The earnings simulation model forecasts annual net income under a variety of scenarios that incorporate changes in the absolute level of interest rates, changes in the shape of the yield curve and changes in interest rate relationships.  Management evaluates the effect on net interest income from gradual changes in the Prime Rate of up to 300 basis points up or down over a 12-month period.  The current model indicates that an increase in rates of 300 basis points over the next twelve months would result in a decrease in net interest income of $417,000, or 3.65%, while a similar decrease in rates would result in an increase in net interest income of $131,000, or 1.14%.  The model also incorporates Management’s forecasts for balance sheet growth, noninterest income and noninterest expense.  The interest rate scenarios are used for analytical purposes and do not represent Management’s view of future market movements.  Rather, these are intended to provide a measure of the degree of volatility interest rate movements may apply to the earnings of the Company.  Modeling the sensitivity of earnings to interest rate risk is highly dependent on numerous assumptions embedded in the simulation model.  While the earnings sensitivity analysis incorporates Management’s best estimate of interest rate and balance sheet dynamics under various market rate movements, the actual behavior and resulting earnings impact likely will differ from that projected.



















11









Part I:  Financial Information


Item 4:  Controls and Procedures




As of the end of the period covered by this report, we carried out an evaluation, under the supervision and with the participation of the Company’s management, including the Company’s President and Chief Executive Officer and Chief Financial Officer, of the effectiveness of the design and operation of our disclosure controls and procedures pursuant to Rule 13a-15 under the Securities Exchange Act of 1934.  Based upon that evaluation, the Company’s President and Chief Executive Officer and Chief Financial Officer concluded that its disclosure controls and procedures are effective in timely alerting them to material information relating to the Company (including its consolidated subsidiaries) required to be included in its periodic filings with the Securities and Exchange Commission.

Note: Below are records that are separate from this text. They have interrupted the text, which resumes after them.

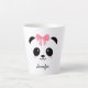 Cute panda personalised latte mug. Pretty chubby kawaii panda face with pink cheeks and pink ribbon. Easily add your name to personalise the mug. Lovely gift for a girl, a daughter, girlfriend on a birthday or other special occasion.
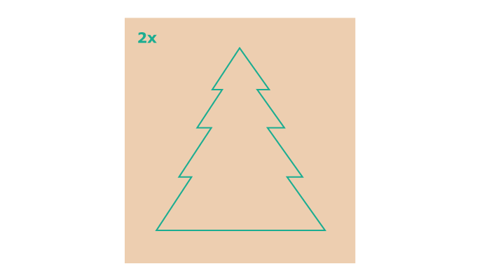 Ta två kartongark och skär dem till önskad storlek för din kartongjulgran. Rita en julgransliknande form på var och en.
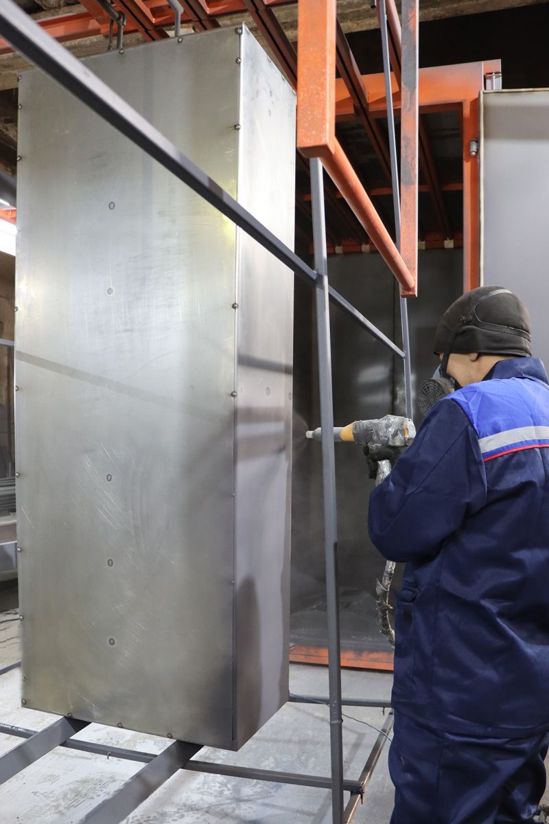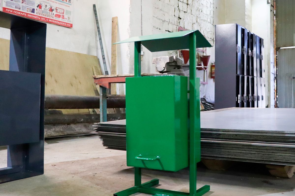 Чтобы уменьшить количество сварных швов был приобретён специальный станок для загибания металла. В цехе есть и большой аппарат, который может за пару секунд очень точно нарезать металлические листы, что ускоряет процесс работы. Но главная фишка всех изделий – качественное покрытие полимерной краской. После сварки заготовки изделие перемещают на специальный подвес, обрабатывают из распылителя и примерно на час помещают в сушильный шкаф. В нём краска полимеризуется и превращается в антивандальное, устойчивое к коррозии покрытие.
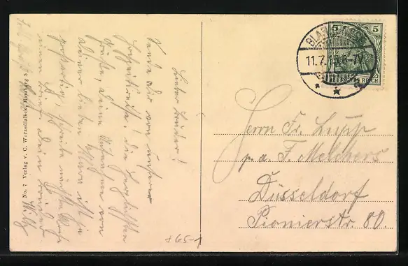 Personenbezogene Daten auf der Rückseite der Karte wurden durch blauen Textmarker unkenntlich gemacht. Die blauen Stellen sind auf die Vorderseite durchgeweicht und wirken sich negativ auf das Postkartenfoto aus

The Company’s management is also responsible for establishing and maintaining adequate internal control over financial reporting. There were no changes in the Company’s internal control over financial reporting identified in connection with the evaluation of it that occurred during the Company’s last fiscal quarter that materially affected, or are reasonably likely to materially affect, internal control over financial reporting.

































12







Part II:  Other Information





Grayson Bankshares, Inc. and Subsidiary



Item 1.

Legal Proceedings


There are no pending legal proceedings to which the Company or the Bank is a party or of which any of their property is subject.


Item 2.

Unregistered Sales of Equity Securities and Use of Proceeds


Not applicable


Item 3.  Defaults Upon Senior Securities


Not applicable


Item 4.  Submission of Matters to a Vote of Security Holders


None


Item 5.  Other Information


None


Item 6.  Exhibits


31.1

Rule 13(a)-14(a) Certification of Chief Executive Officer.


31.2

Rule 13(a)-14(a) Certification of Chief Financial Officer.


32.1

Statement of Chief Executive Officer and Chief Financial Officer Pursuant to 18 U.S.C. Section 1350.

 
















13








SIGNATURES



Pursuant to the requirements of the Securities Exchange Act of 1934, the registrant has duly caused this report to be signed on its behalf by the undersigned thereunto duly authorized.




GRAYSON BANKSHARES, INC.





Date:  May 16, 2005

By:  /s/ Jacky K. Anderson


Jacky K. Anderson

President and CEO




By:  /s/ Blake M. Edwards


Blake M. Edwards

Chief Financial Officer





14






Exhibit Index



Exhibit No.

Description


31.1

Rule 13(a)-14(a) Certification of Chief Executive Officer.


31.2

Rule 13(a)-14(a) Certification of Chief Financial Officer.


32.1

Statement of Chief Executive Officer and Chief Financial Officer Pursuant to 18 U.S.C. Section 1350.